The Slate, apparently, can deliver all those functions. A 30-second video accompanying the blog post shows a pair of hands activating a Skype app for two-way video conferencing, using one of possibly two built-in camera modules to take an image, browsing through music, plugging in a USB cord, and inserting a 16GB SD memory card into a slot on the side of the device.
In the blog posting, McKinney seems to be taking a shot at Apple’s iPad by suggesting that “media consumption is only half of the ideal mobile experience.” Apple has been touting its tablet as primarily a lightweight means to view movies, e-books, TV shows, Web pages and other digital content.
While the iPad has proven a strong seller in its first weekend of release, HP may be betting it has an advantage in certain key features of its own tablet offering, including camera modules and ability to run Adobe Flash.
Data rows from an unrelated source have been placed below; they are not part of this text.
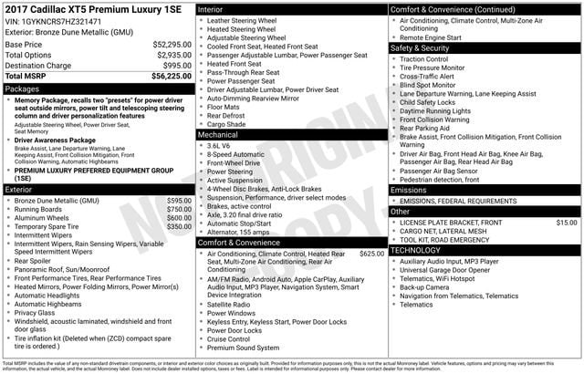 Bronze Dune Metallic 2017 Cadillac XT5 Premium Luxury FWD 4D Sport Utility 3.6L V6 DI VVT 19/27 City/Highway MPG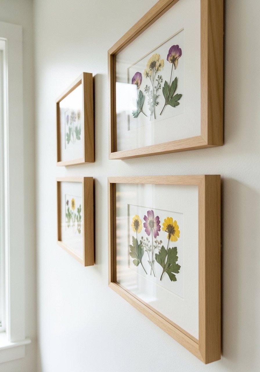 I pressed wildflowers from a summer walk and framed them in thrifted frames with new white mats. It reads refined in photos and feels personal in real life. Budget under $30 for multiple frames. Avoid thick frames that overwhelm delicate blooms. For a cohesive gallery, use three frames grouped, odd numbers read better. Pair with warm wood tones from IKEA or Target for balance.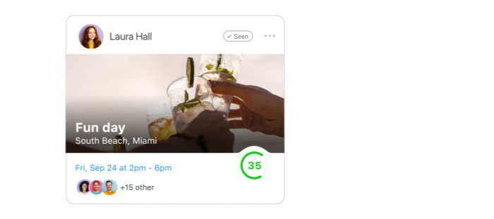 Announce your upcoming event attractively, providing all the information and letting your employees react and comment on their excitement.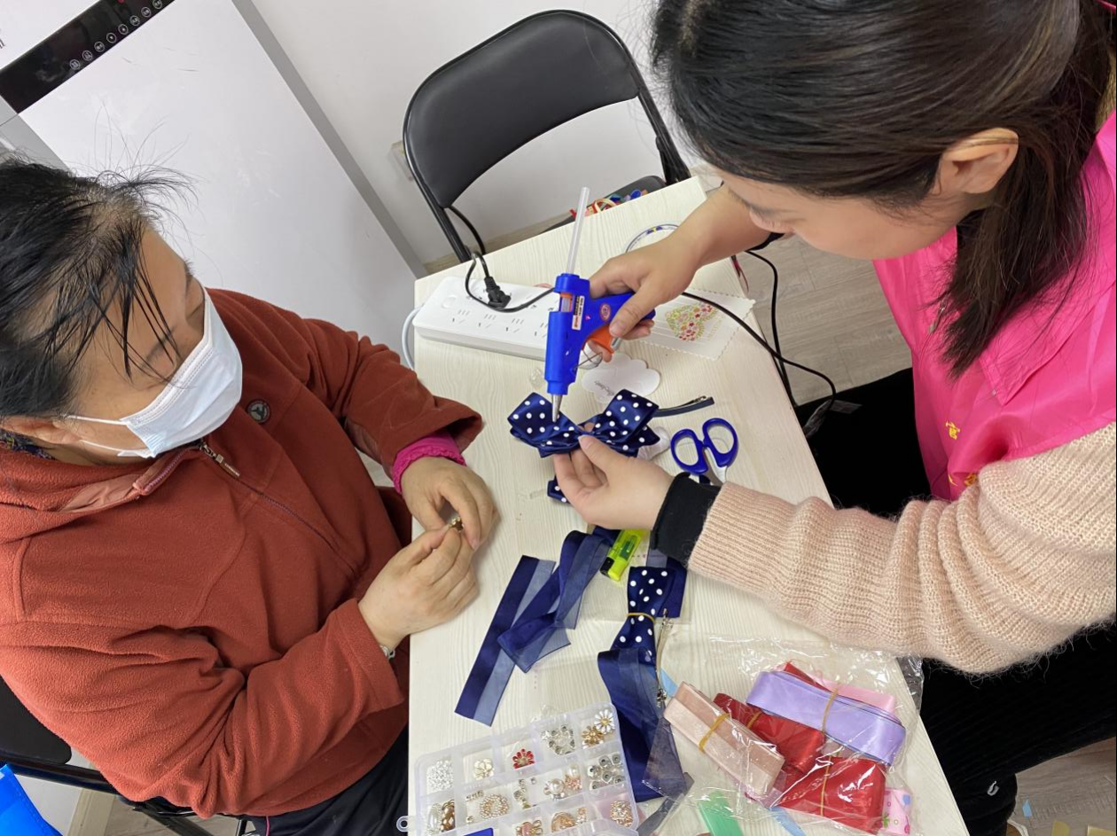大家不由自主地动起手来,在社工和志愿者老师的耐心指导下,按照步骤一步步跟着做,拿着原材料开始折、捏、粘、剪等。经过大家的努力,一些看似普通的丝带、夹子、珠花,魔术般变成了一个个精美的发夹。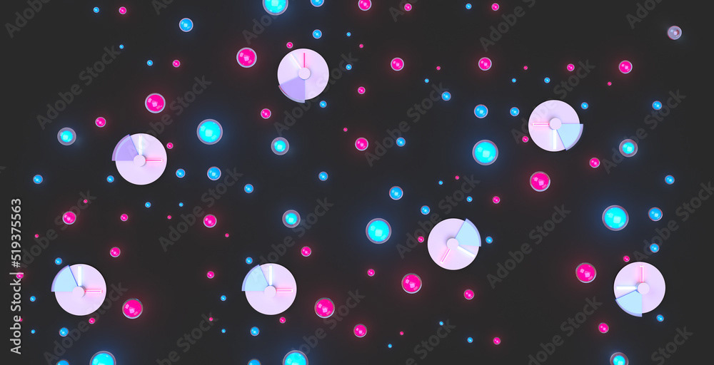 3d rendering of a dark illustration on the topic of analytics, statistics, dashboard, data analysis. Minimal style. Glowing charts, data analysis garfics.

The current version of the iPad does not feature a camera module, nor does it support SB memory cards, which can be used to expand the device’s total memory.
“With this slate product, you’re getting a full Web browsing experience in the palm of your hand. No watered-down Internet, no sacrifices,” McKinney wrote in an 8 March posting on the Voodoo Blog. “A big bonus for the slate product is that, being based off Windows 7, it offers full Adobe support.”
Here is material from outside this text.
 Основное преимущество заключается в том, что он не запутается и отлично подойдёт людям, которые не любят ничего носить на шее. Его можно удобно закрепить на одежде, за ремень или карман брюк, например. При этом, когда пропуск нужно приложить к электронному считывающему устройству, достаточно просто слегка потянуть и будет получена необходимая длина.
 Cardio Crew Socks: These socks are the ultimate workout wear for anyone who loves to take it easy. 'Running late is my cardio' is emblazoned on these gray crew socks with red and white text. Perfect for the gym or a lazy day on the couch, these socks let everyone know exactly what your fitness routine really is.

During a January meeting at Apple headquarters, CEO Steve Jobs allegedly suggested that the iPad would not support Flash because it was “buddy.” In response, Adrian Ludwig, a member of Adobe’s Platform Product Marketing team, wrote in a 27 Jan. posting on the Adobe Flash Platform Blog; “It looks like Apple is continuing to impose restrictions on their devices that limit both content publishers and consumers. … Without Flash support, iPad users will not be able to access the full range of Web content, including over 70 percent of games and 75 percent of video on the Web.”
A first glimpse of HP’s product was offered by Microsoft CEO Steve Ballmer during a keynote presentation at January’s Consumer Electronics Show in Las Vegas, with Ballmer suggesting at the time that the tablet’s capabilities would extend to e-reading, Web surfing and playing multimedia. Besides HP, manufacturers including Fujitsu, Fusion Garage, Pegatron and Archos plan on releasing tablets to compete in the space.
However, those companies face a robust competitor in Apple, which announced on April 5 that it had sold some 300,000 iPads in the United States by midnight on 3 April. In a statement, Apple CEO Steve Jobs suggested that the average iPad purchaser had downloaded three apps and “close to one book” within their first few hours of purchase, for a total of more than one million iPad apps and 250,000 e-books.
In his statement, Jobs termed the iPad a “game changer.” Whether HP can take advantage of that changed game-space, when it releases its own tablet at an as-yet-unannounced date later in 2010, remains to be seen.